Glen Innes 2014: Day 3

Today’s events included a community breakfast cooked by the Glen Innes Men’s Shed and the local Pipe Band entertained the hungry crowd. Bacon, eggs, toast, sausages, tomatoes, baked beans, toast, tea and coffee, too heavy for the MOTH (Man of the House) and myself but it did smell good.

The local bakery brought freshly baked savoury pull apart breads, donuts and scones as well as fresh coffee. There were paintings of the area reasonably priced and he sold out quickly of the ones that would be a piece of memorabilia of our trip to this part of the country. The Men’s Shed was open and they had wooden items for sale, many were beautifully crafted pieces with intricate Celtic designs inlaid in different coloured woods.

The organising committee, of three dedicated men, work hard to bring the camper trailer gathering to a small town to help boost the economy as well as raise funds for local enterprises. This year all money raised from the trivia and auction nights will be shared between the show grounds, for maintenance, and the Men’s Shed, to upgrade equipment and purchase supplies.

We took Scenic Route 11 which was a loop north to Emmaville across to Deepwater and back to Glen Innes. As well as a rich Celtic heritage the area boasts a long history of fossicking and we spent a wonderful hour at the Emmaville Museum getting a glimpse of how the precious stones were taken from the ground. While I was interested in the people and fashions, the MOTH was drawn to old equipment much of which he was familiar with in childhood whilst living on a farm.

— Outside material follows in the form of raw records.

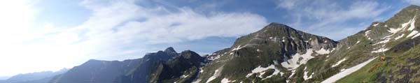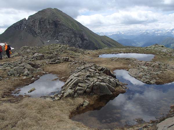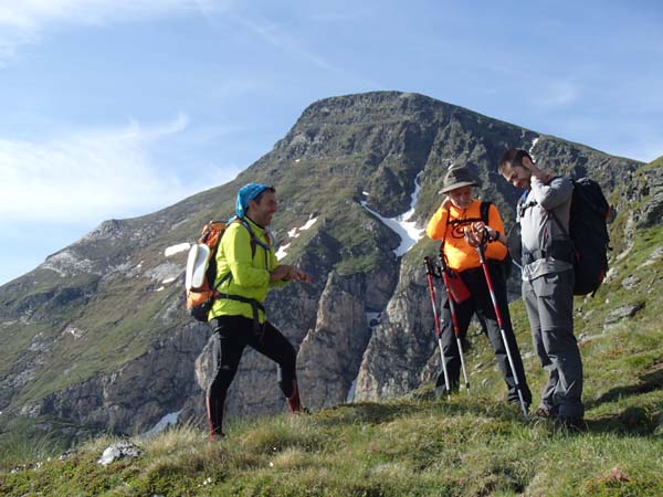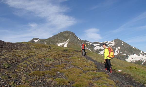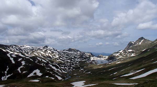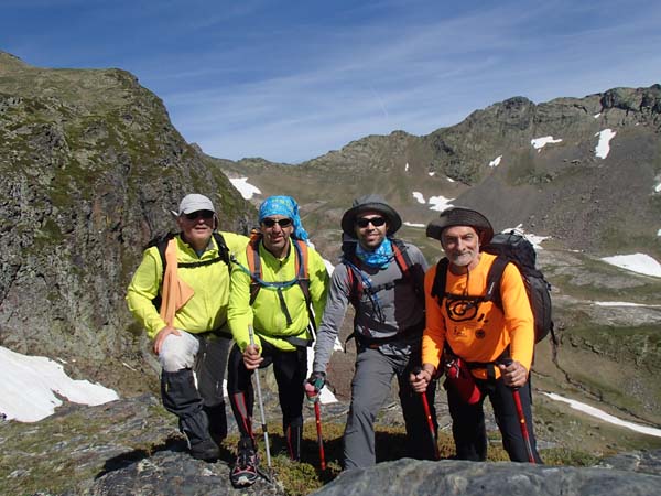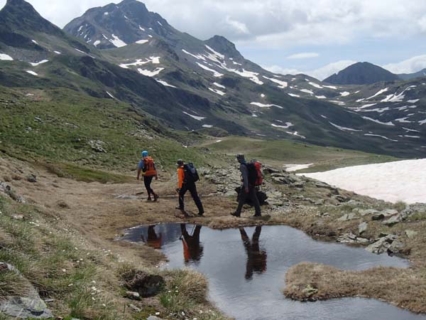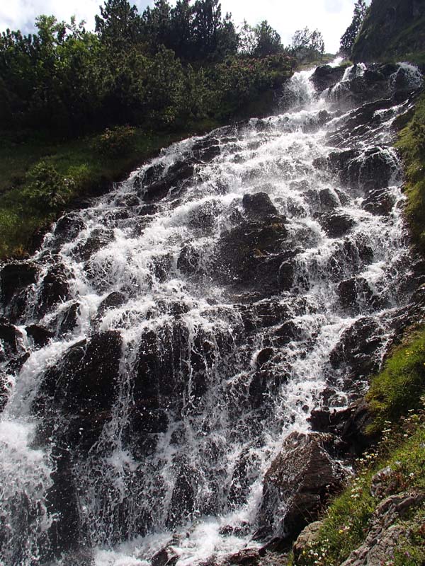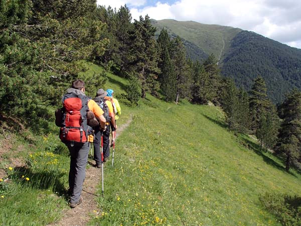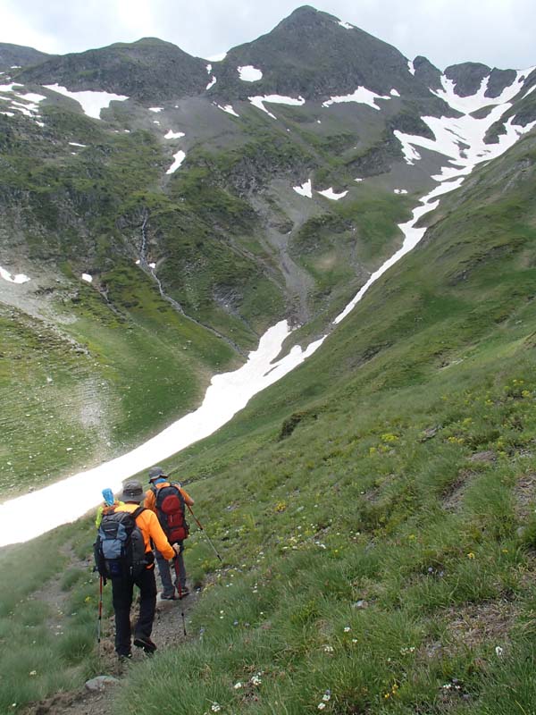 Descansats i amb la panxa plena (és un dir!), iniciàrem la pujada del coll de Montoliu (2470 m) per un camí ample. Des del coll es veia la vall que havíem de travessar, en direcció SW. El camí anava serpentejant diverses vegades. Entre praderes i tarteres, travessàrem un petit barranc pel marge esquerre i enfilàrem una llarga baixada pel vessant nord del Serrat de Cardigassos ( Bac des Cardigassos) fins arribar a l’Arriu de Vernatar (2100 m). La baixada se féu llarga, tot travessant un parell de rierols que queien en cascades de gran bellesa.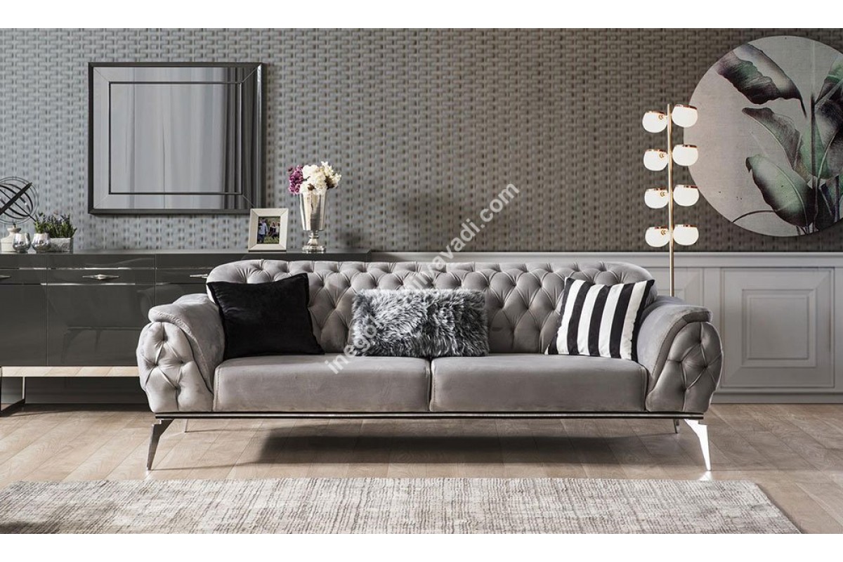 İskeleti Fırınlanmış Gürgen Ağacıdır. Üzerinde Kullanılan Kolay Temizlenebilen İthal Kadife Kumaştır. Müşteri Talebine Göre Renk Değişimi Mevcuttur. Uzaktan Satışlarımızda Müşterimiz Sipariş Verdikten Sonra Adresine Kumaş Kartelası Göndererek İstediği Kumaş Ve Rengi Tercih Edebilmektedir. Kullanılan Sünger 16 cmlik 32 HR soft Süngerdir.  Ayaklar Metaldir.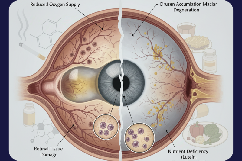 Smoking reduces oxygen supply to retinal tissues, while lack of nutrients like lutein, zeaxanthin, and vitamin A weakens retinal health and increases risk of degeneration.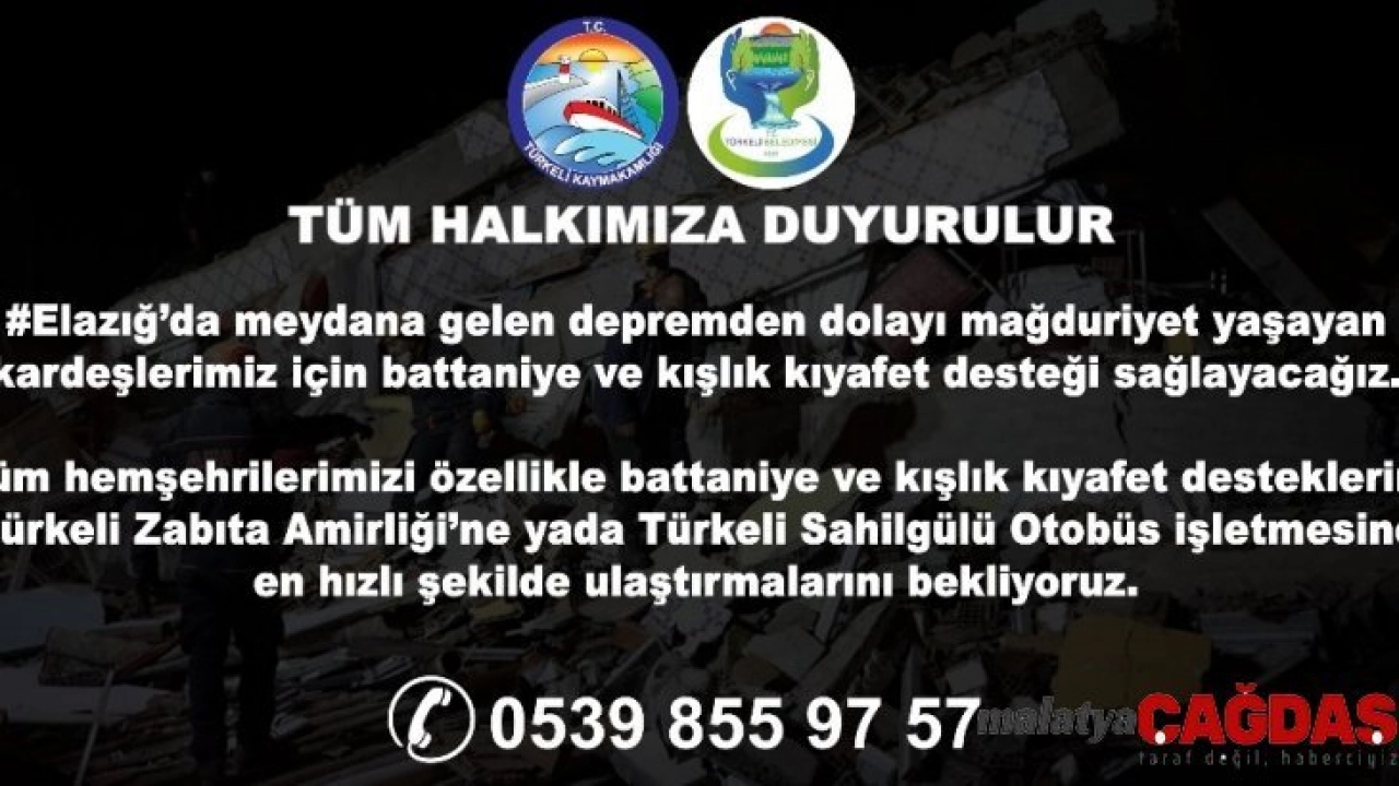 "Elazığ’da meydana gelen depremden dolayı mağduriyet yaşayan kardeşlerimiz için battaniye ve kışlık kıyafet desteği sağlayacağız. Tüm hemşehrilerimizi özellikle battaniye ve kışlık kıyafet desteklerini Türkeli Zabıta Amirliğine en hızlı şekilde ulaştırmalarını bekliyoruz" denildi.

As a mining museum it was a comprehensive collection of items of life in those hard times. In the general store I was intrigued to see these ‘Silent Pills’ for females of the day and wondered what their medicinal advantages may have been.

The old bottles, tins of liniment and carbolic disinfectant powder took me back to boarding school remedies stacked in neat rows in the sanatorium (The San) shelves. [The San was the school’s hospital and where we visited the nurse when sick.  It was set up like a hospital ward and the school nurse wore the appropriate uniform including the started hat and white apron over the blue serge button down dress and black lace up shoes].

The surrounding countryside is brown and dry as winters are cold and frosty with little rainfall. In spite of the dry conditions we saw a variety of plants set amongst the harsh rock formations along the route.

We arrived back at camp in time to enjoy the sunset in the west.

… and the eastern skies in the distance across the camp area through to the Poplar trees on the edge of the show ground area.